3. Physical reality reduces to consciousness: Since we take ASA to be the self-causing of reality, we must explain physical reality in terms of consciousness rather than vice versa (as is standardly done in scientific materialism). That it is at least possible to explain physical reality in terms of consciousness follows from the Hard Problem of Consciousness, i.e. the impossibility to explain the qualia of consciousness in exclusively physical terms. But the Hard Problem of Consciousness leaves open the precise nature of the mind-body relation; it is compatible with substance dualism, where consciousness and physical reality form two separate ontological domains (which nevertheless somehow interact). So we need further arguments to effectuate the reduction of physical reality to consciousness. Here we can appeal to Russellian Monism, which shows (a) that physical reality (as revealed by modern physics) is basically a mathematical structure, and (b) that all structure, in order to exist, requires non-structural bearers, i.e. intrinsic entities, and (c) that such entities can only be found in the qualia which elude the mathematical structures of physics (as per the Hard Problem of Consciousness). Thus the qualia of consciousness must be ontologically prior to the mathematical structures that define physical reality. In that sense, at least, physical reality reduces to consciousness.

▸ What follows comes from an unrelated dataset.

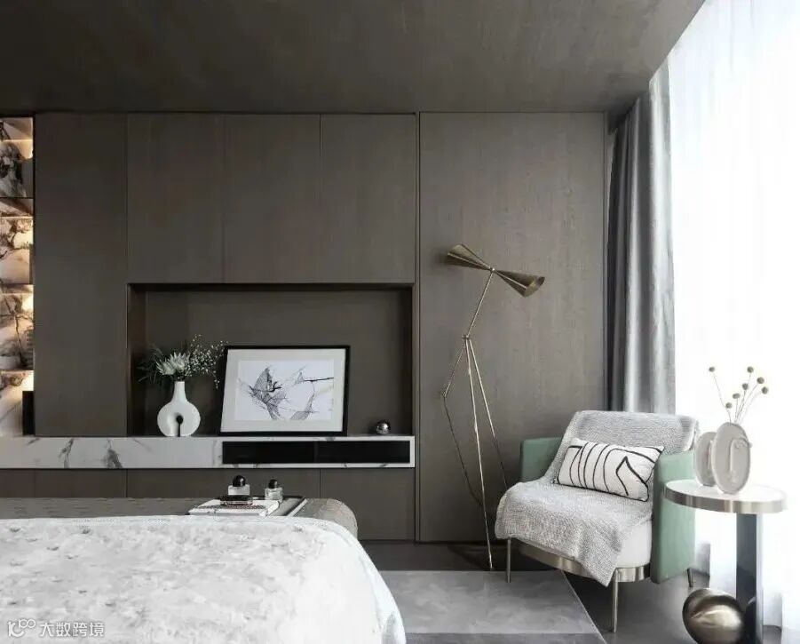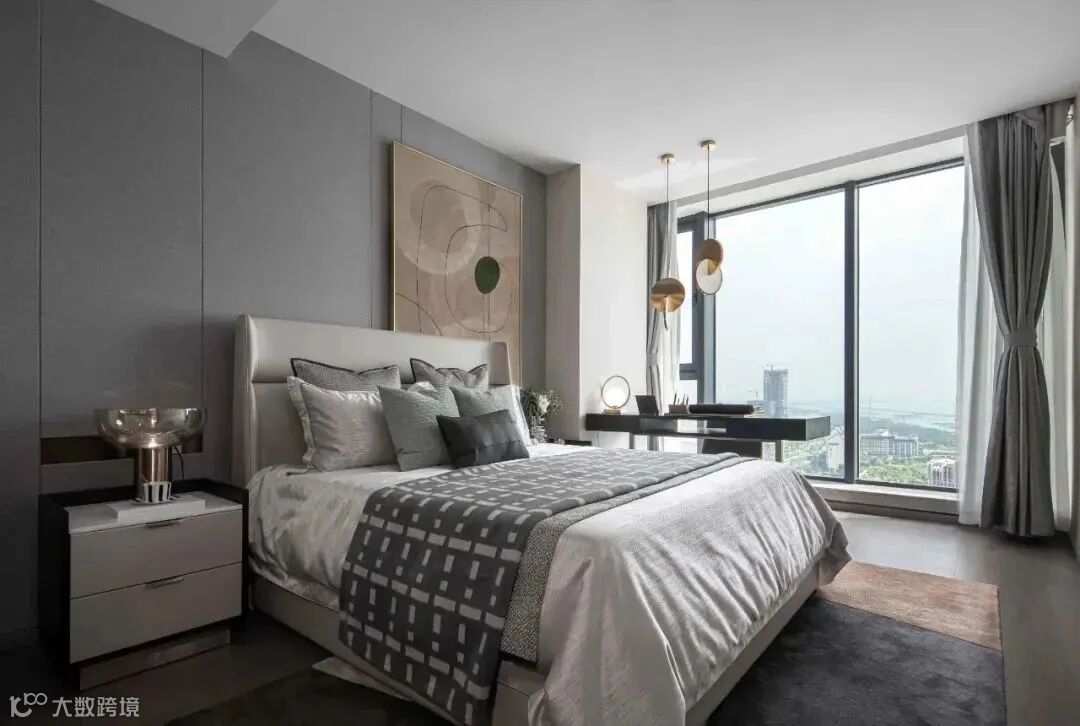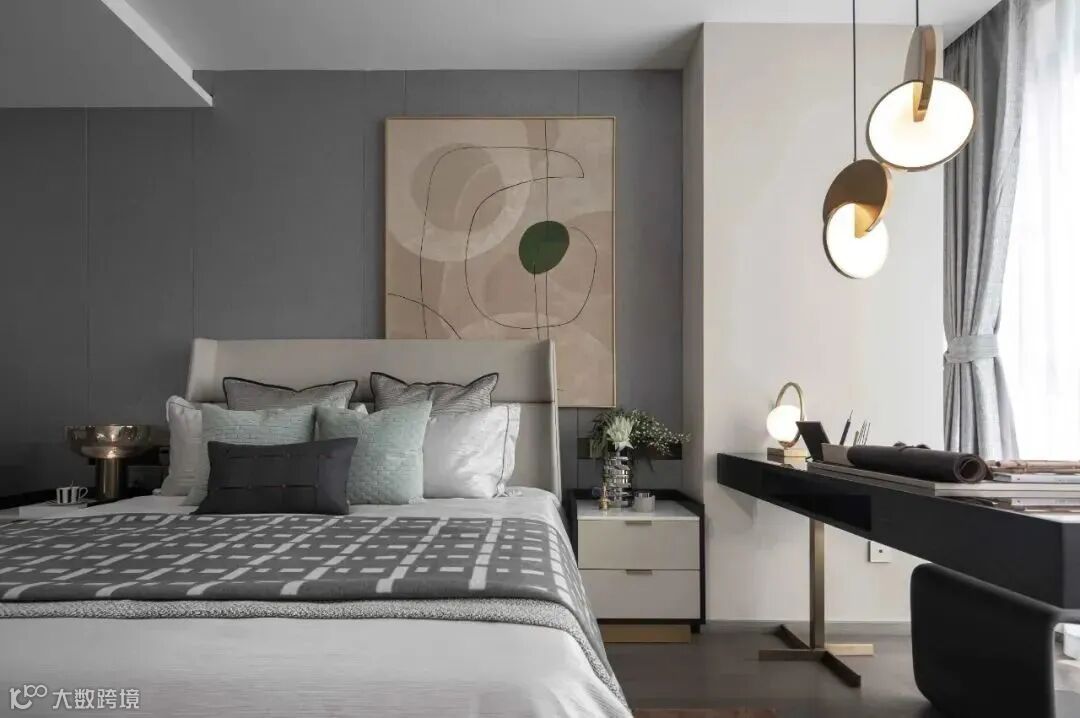 另一间卧室用装饰画来进行衬托,灰色墙面营造出安静沉稳的氛围,二者结合便是这个空间的设计亮点,在这个空间中设计师还运用了很多线条元素,连接着空间的各个部分,将设计美学淋漓尽致的体现,卧室的设计很有层次感。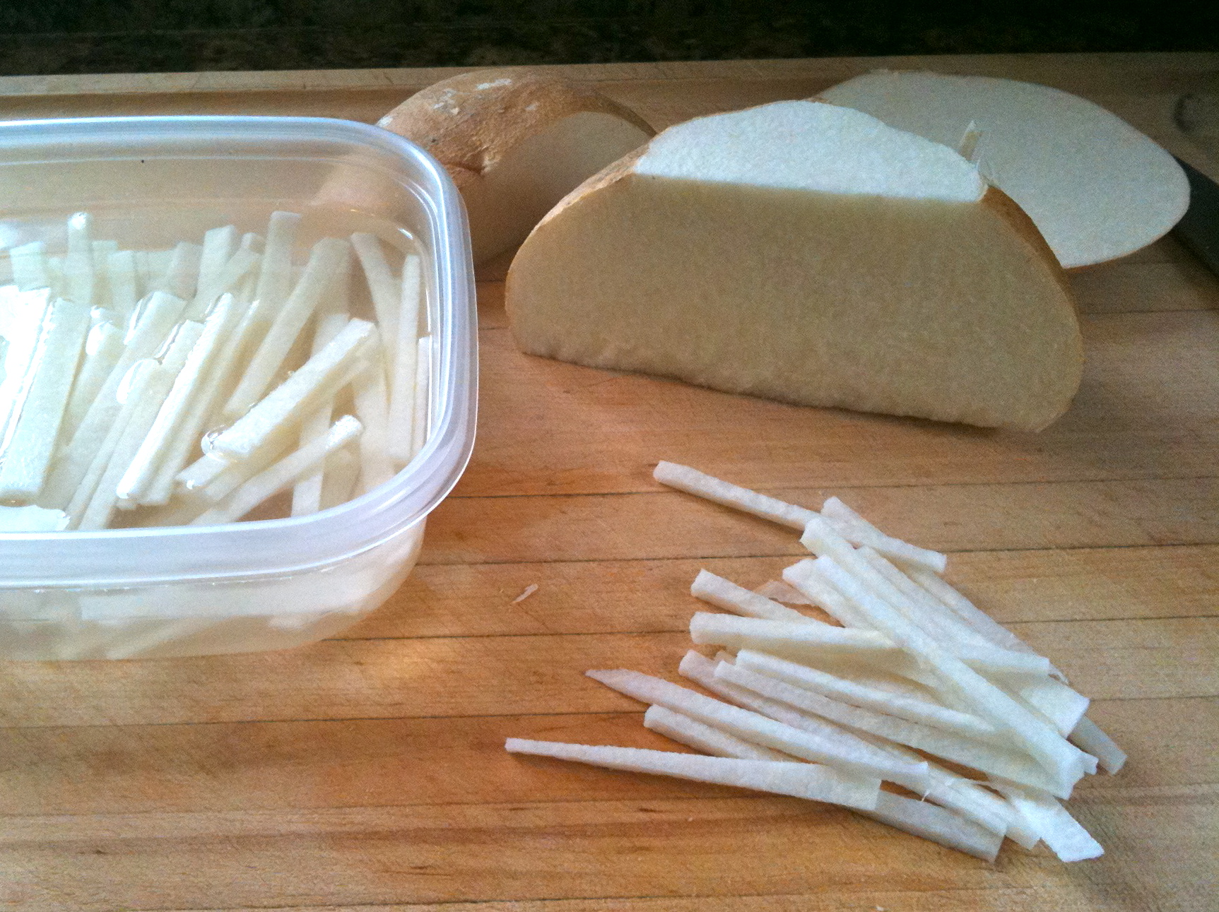 Jicama, cut into sticks/julienne hold in water until ready to serve.

4. ASA is pure, self-enjoying joy: A side-effect of the Hard Problem of Consciousness is that it makes clear that ASA, too, must involve qualia, or at least one quale – indeed, a quale that is somehow self-revealing, a "self-intimating what-it's-like-ness" (I owe this happy phrase to the philosopher David Pearce). But what exactly is this quale? What is it like to be ASA? Since we take the experience of our own self-awareness as the empirical key to the Absolute, and since human self-awareness is infused with emotion and volition right from the start, it would be an illegitimate abstraction to see ASA as just a 'cold' theoretical self-registering, without any emotive and volitional aspects. Thus we must see ASA as not merely cognitive self-awareness, but as will and emotion as well. But what could ASA possibly want? Since ASA is, at this point in our construction, the only 'thing' that exists, there is nothing for it to desire apart from itself. Thus, qua will, ASA can only will itself. Its self-awareness coincides with its self-willing. We can say "ASA exists because it wills itself" just as much as we can say "ASA exists because it is aware of itself". From this it follows that, qua emotion, ASA must be pure joy, i.e. self-enjoying joy. It's will for itself immediately satisfies itself, since its self-willing is at the same time the self-causing cause of its own existence. It gives itself to itself merely by willing itself. ASA is a self-aware, self-willing, self-satisfying and self-enjoying joy. Reality exists because pure joy wills itself. Cf. Nietzsche "Alle Lust will Ewigkeit..." Also see the Vedantic definition of the Absolute (what the Indians call "Brahman") as Satchitananda, i.e. the indivisible unity of being ("sat"), consciousness ("cit") and bliss ("ananda").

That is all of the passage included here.